Monthly Archives: August 2010

At Home with Paddy

Me and Chayefsky, we got a thing going on.

Every summer, around this time, when movies sink to their absolute worst, I invite over my friend Paddy and light a flame under his ass. Then I sit back and watch. As the top spins off his head, I get that robust, crisp-mountain-air feeling of beholding a Zeus-like captain of the Judeo-Roman world, an embittered shaman touched by a most splendid and clarifying anger. It feels good; the thunder burns you up and the rain rinses you out, like a hard loofah scrub to your guts.

I am of course talking about Marty, The Hospital, and Network (Paddy won an Oscar for each; he’s the only writer on record with three for Best Screenplay), but I might as well be talking about Middle of the Night or Gideon, or any of the other plays. And in particular, I’m talking about George C. Scott in The Hospital. He is the closest Paddy ever came to himself.

At one point in The Hospital, Barbara (Diana Rigg), compares Scott’s Dr. Boch to a bear. I think that’s right. Ferocious in food, depression, and work, Chayefsky was a human bear, a kind of broken down Falstaff of the city, who split his life prowling the neighborhood for material and napping back in his cave high above 57th Street. Also, he grumbled a lot. When a friend of his, laid up in the hospital after a long stretch of open heart surgery, murmured something about wanting to see his daughter who he missed very much, Paddy looked up from his paper and said, sarcastically, “Awwww, isn’t that sweet?” It made them both laugh.

That right there is my friend Paddy. Even when you don’t want it, he’ll give it to you straight.

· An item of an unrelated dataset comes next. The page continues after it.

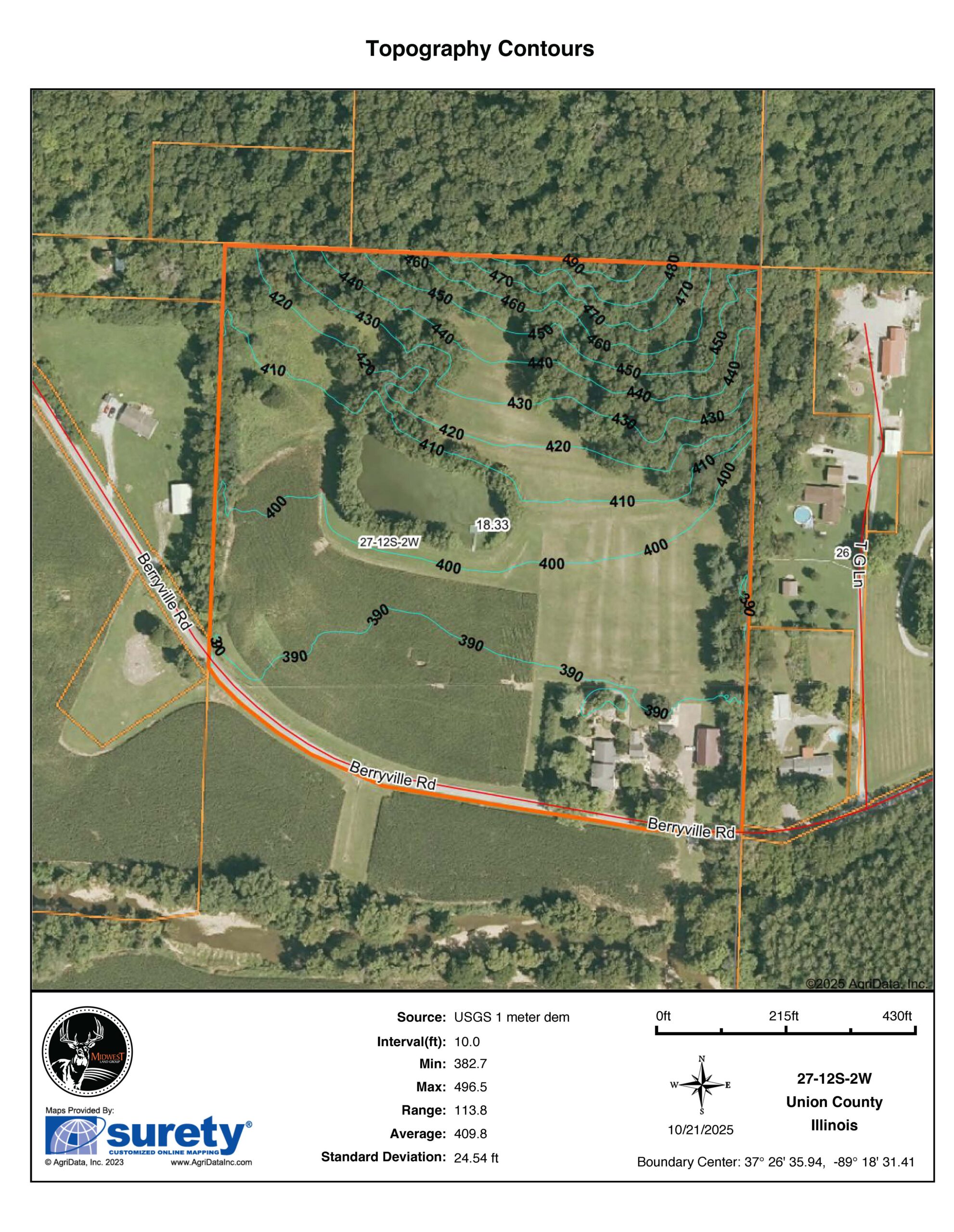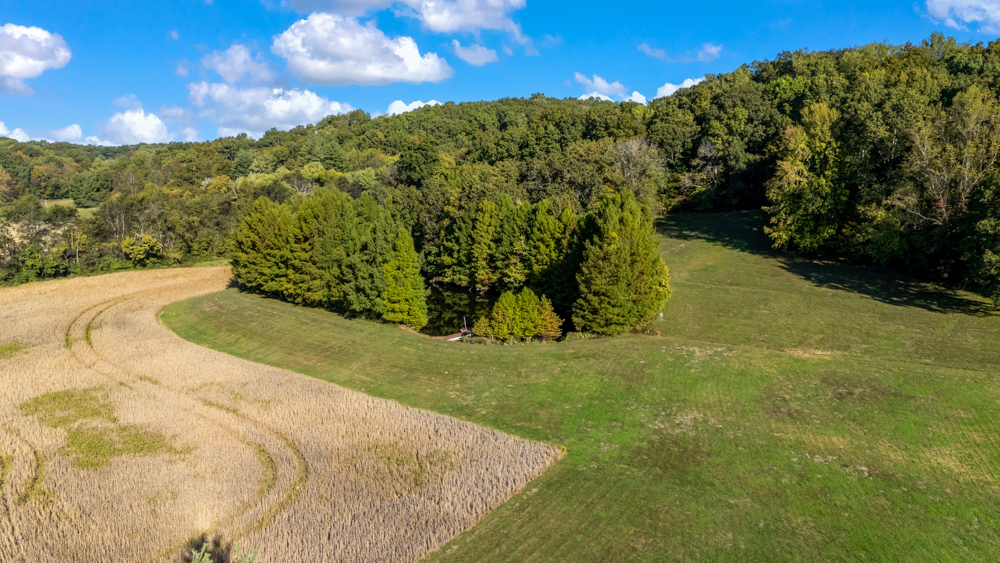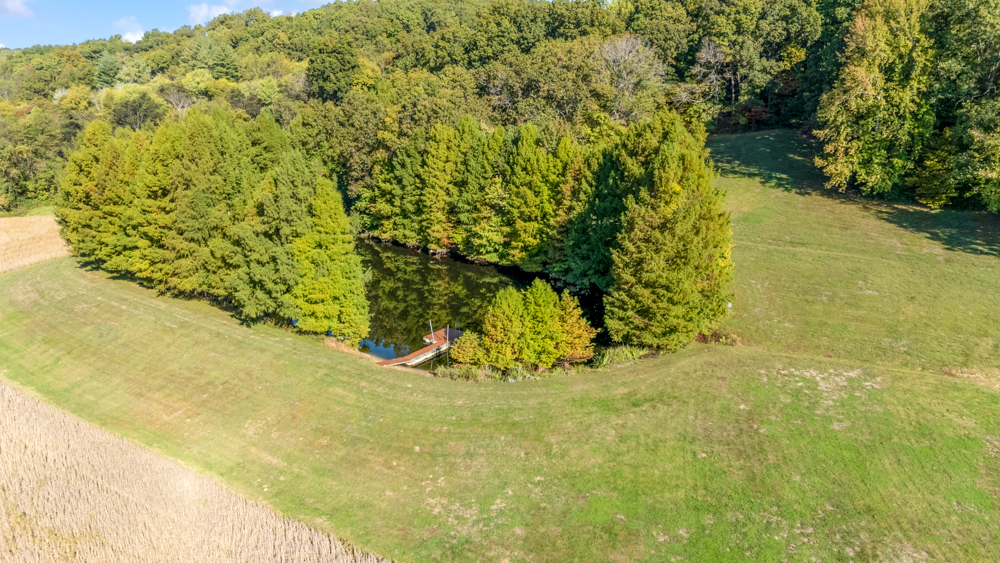 The remaining property has a small ag field that is currently being used for farming, a great wooded area that borders some of the Shawnee Nation Forest, and a fully stocked pond.

It will likely hurt, maybe even forever, but the upshot is you’re guaranteed to come out the other end a sharper, better, unhappier man.

On Robert Duvall in Get Low

Get Low is a misshapen, well meaning, squishy-hearted half-feature that’s both too short and way, way too long. But Robert Duvall is in it.

Mr. Duvall is one of those actors that makes everyone around him look like they’re in a very good high school production of The Glass Menagerie, that is to say, ridiculous. A few scenes into the picture, it becomes clear that alongside Duvall even Sissy Spacek and Bill Murray – on his own one of the cinema’s great miniaturists – can’t find their way to the buried, haiku-essence of things. But not our Bobby. Before he opens his mouth, Duvall lets you know just where his nerve endings are, and after only a few shots-worth of his company, he manages to unfurl himself out like a map. For the rest of the picture, he goes about dropping hints – and always indirectly – to the buried treasure.

In real life, closed off people don’t tell you who they are. They hide. In movies, where we have to see inside of people, weak actors try to cheat around it. They give their astringent, opaque characters unearned changes of heart brought on, generally, by trembling strings, the love of a good woman, or the pressures of running time. This is why no one who saw Mary Tyler Moore in Ordinary People will ever forget it. She never once condescended to the level of her character’s “arc,” but instead built wall upon wall upon wall, until, near the end of the picture, and at the absolute precise moment, she shattered the whole edifice and – without the help of strings – there she was. Ah. Of course. It was you all along.

In Get Low, Duval is working with a similar mechanism. A lesser actor (one, say, who worshipped Daniel Day-Lewis,) would have emphasized the odd-duck, Boo Radley elements of this character, declaiming his weirdness like a missionary his religion. But not our Bobby. He reveals by showing us how he conceals. Soon the patterns emerge. A little later we begin to understand. And by the end of the picture, we may be convinced we saw something invisible.